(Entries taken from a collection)
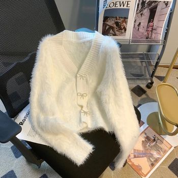 Sweet Elegant Rhinestone Bow Sweaters Women 2024 Spring Casual Wild V Neck Long Sleeve Pink Furry Mohair knitted Cardigan Jacket
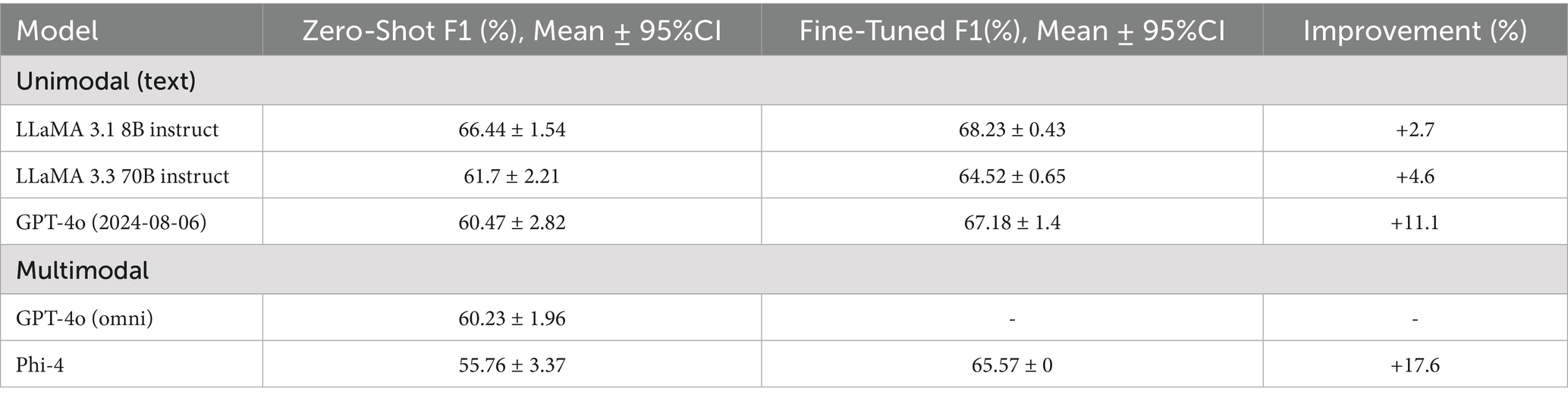 For multimodal classification, we opted for GPT-4o (omni) and Phi-4, again applying both zero-shot and fine-tuning strategies, as these models demonstrated strong performance and robust handling of multimodal inputs.
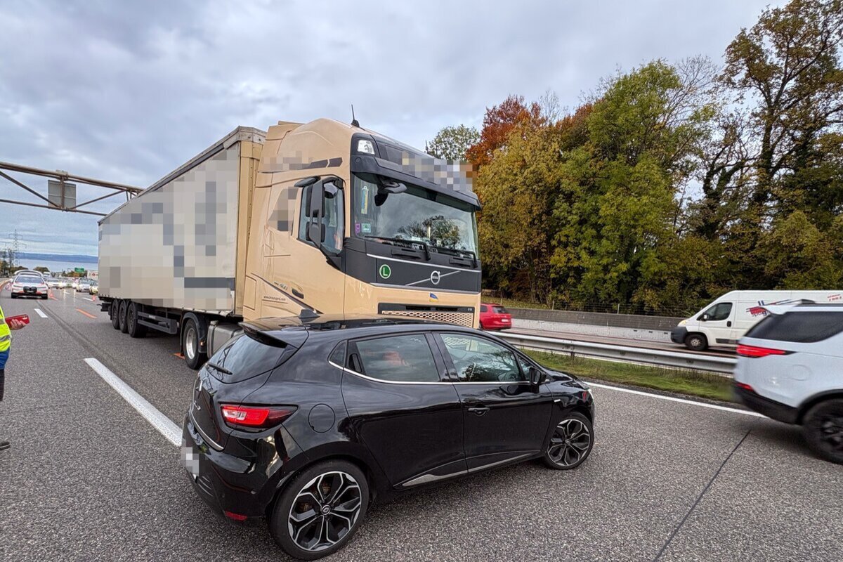 Dabei übersah er das Auto des 21-Jährigen, woraufhin es zur Kollision kam und das Auto vor den Lastwagen geschoben wurde. Die Fahrzeuge kamen anschliessend in der Mitte der beiden Fahrstreifen zum Stillstand.
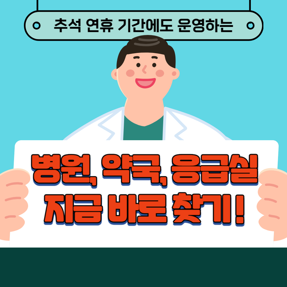 추석 연휴 기간에 예기치 못한 질병이나 갑작스러운 응급 상황이 발생할 경우, 운영 중인 병원이나 약국을 찾기가 쉽지 않을 수 있습니다.
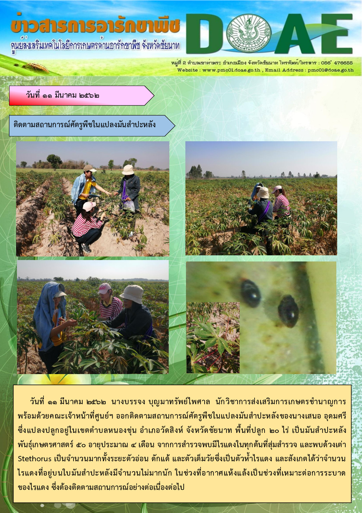 11-3-62 ติดตามสถานการณ์ศัตรูพืช ในแปลงมันสำปะหลัง
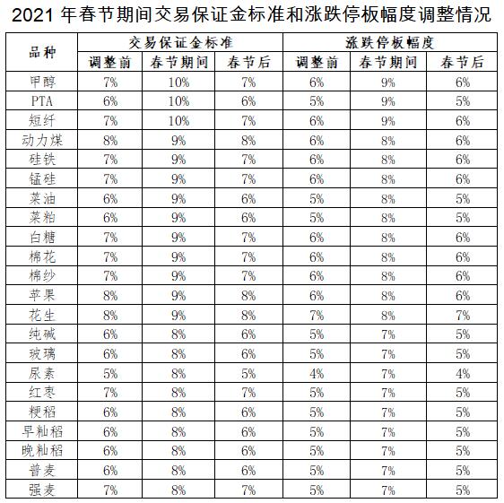 根据《郑州商品交易所期货交易风险控制管理办法》第九条规定,经研究决定,对2021年春节期间部分品种交易保证金标准和涨跌停板幅度作如下调整:
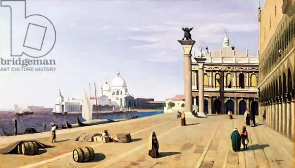 Corot namaloval obraz Riva degli Schiavone, Venice v roce 1845. Převládající barvy tohoto obrazu jsou do oranžova a jeho formát je podlouhlý. Obraz je umístěn v soukromé sbírce. Reprodukci tohoto obrazu tiskneme na přání - můžete si zvolit rozměr i provedení reprodukce.
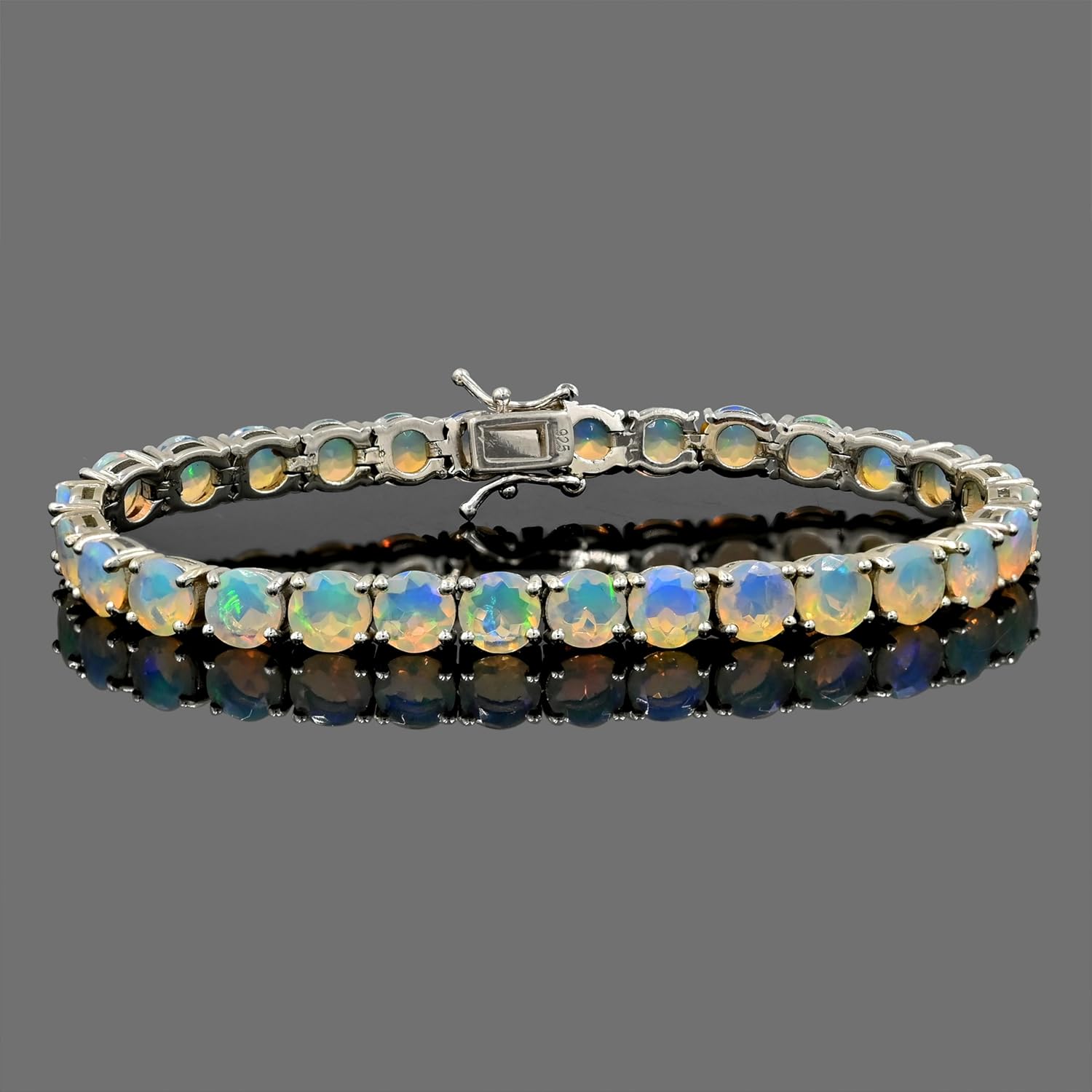 The WB-322 Natural Opal Tennis Bracelet is a timeless piece that blends elegance, color, and craftsmanship. This bracelet showcases carefully selected 6 MM round cut natural opal gemstones, known for their mesmerizing play-of-color that reflects shades of green, blue, and subtle fiery tones under light. With a total gemstone weight of approximately 11.60 carats, it offers a luxurious yet balanced appearance. Crafted in solid 925 sterling silver, the bracelet features a high-polish finish that enhances the brilliance of the opals while ensuring durability and long-lasting shine. The design is both classic and versatile, making it suitable for daily wear as well as special occasions. The bracelet is available in selectable lengths from 6 inches to 8.5 inches. At 6 inches, it contains approximately 29 opal gemstones, and as the length increases, the gemstone count increases proportionally to maintain a consistent and elegant look across all sizes. As the October birthstone, opal symbolizes creativity, emotional harmony, and positive energy, making this bracelet a meaningful gift for birthdays, anniversaries, or personal milestones. Product Details SKU :- WB-322 Product Type :- Tennis Bracelet Gemstone Name :- Natural Opal Gemstone Shape :- Round Cut Gemstone Size :- 6 MM Total Gemstone Weight :- Approx. 11.60 Carat Gemstone Count :- Approx. 29 gemstones at 6-inch length (increases proportionally with length) Metal Type :- 925 Sterling Silver Finish :- High Polish Silver Finish Bracelet Length Options :- 6", 6.5", 7", 7.25", 7.5", 7.75", 8", 8.5" Clasp Type :- Box Clasp with Safety Total Weight :- Approx. 16.96 Grams Birthstone Month :- October Nickel Free :- Yes Skin Friendly :- Yes Occasion :- Daily Wear, Party Wear, Anniversary, Birthday, Gifting
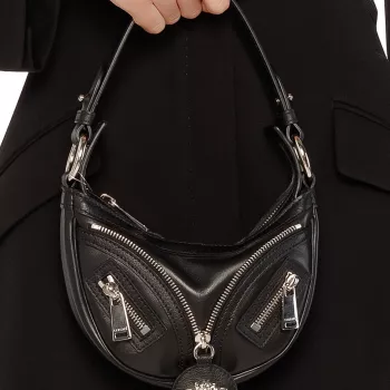 Versace Black Calf Leather Mini Hobo Shoulder Bag with Medusa Logo

◆ EXERCISE BRIEF: The line containing "Corot namaloval obraz" marks the end: copy exactly every line from the start of the records up to and including it, leaving out the pictures.

◆ SOLUTION:
 Sweet Elegant Rhinestone Bow Sweaters Women 2024 Spring Casual Wild V Neck Long Sleeve Pink Furry Mohair knitted Cardigan Jacket
 For multimodal classification, we opted for GPT-4o (omni) and Phi-4, again applying both zero-shot and fine-tuning strategies, as these models demonstrated strong performance and robust handling of multimodal inputs.
 Dabei übersah er das Auto des 21-Jährigen, woraufhin es zur Kollision kam und das Auto vor den Lastwagen geschoben wurde. Die Fahrzeuge kamen anschliessend in der Mitte der beiden Fahrstreifen zum Stillstand.
 추석 연휴 기간에 예기치 못한 질병이나 갑작스러운 응급 상황이 발생할 경우, 운영 중인 병원이나 약국을 찾기가 쉽지 않을 수 있습니다.
 11-3-62 ติดตามสถานการณ์ศัตรูพืช ในแปลงมันสำปะหลัง
 根据《郑州商品交易所期货交易风险控制管理办法》第九条规定,经研究决定,对2021年春节期间部分品种交易保证金标准和涨跌停板幅度作如下调整:
 Corot namaloval obraz Riva degli Schiavone, Venice v roce 1845. Převládající barvy tohoto obrazu jsou do oranžova a jeho formát je podlouhlý. Obraz je umístěn v soukromé sbírce. Reprodukci tohoto obrazu tiskneme na přání - můžete si zvolit rozměr i provedení reprodukce.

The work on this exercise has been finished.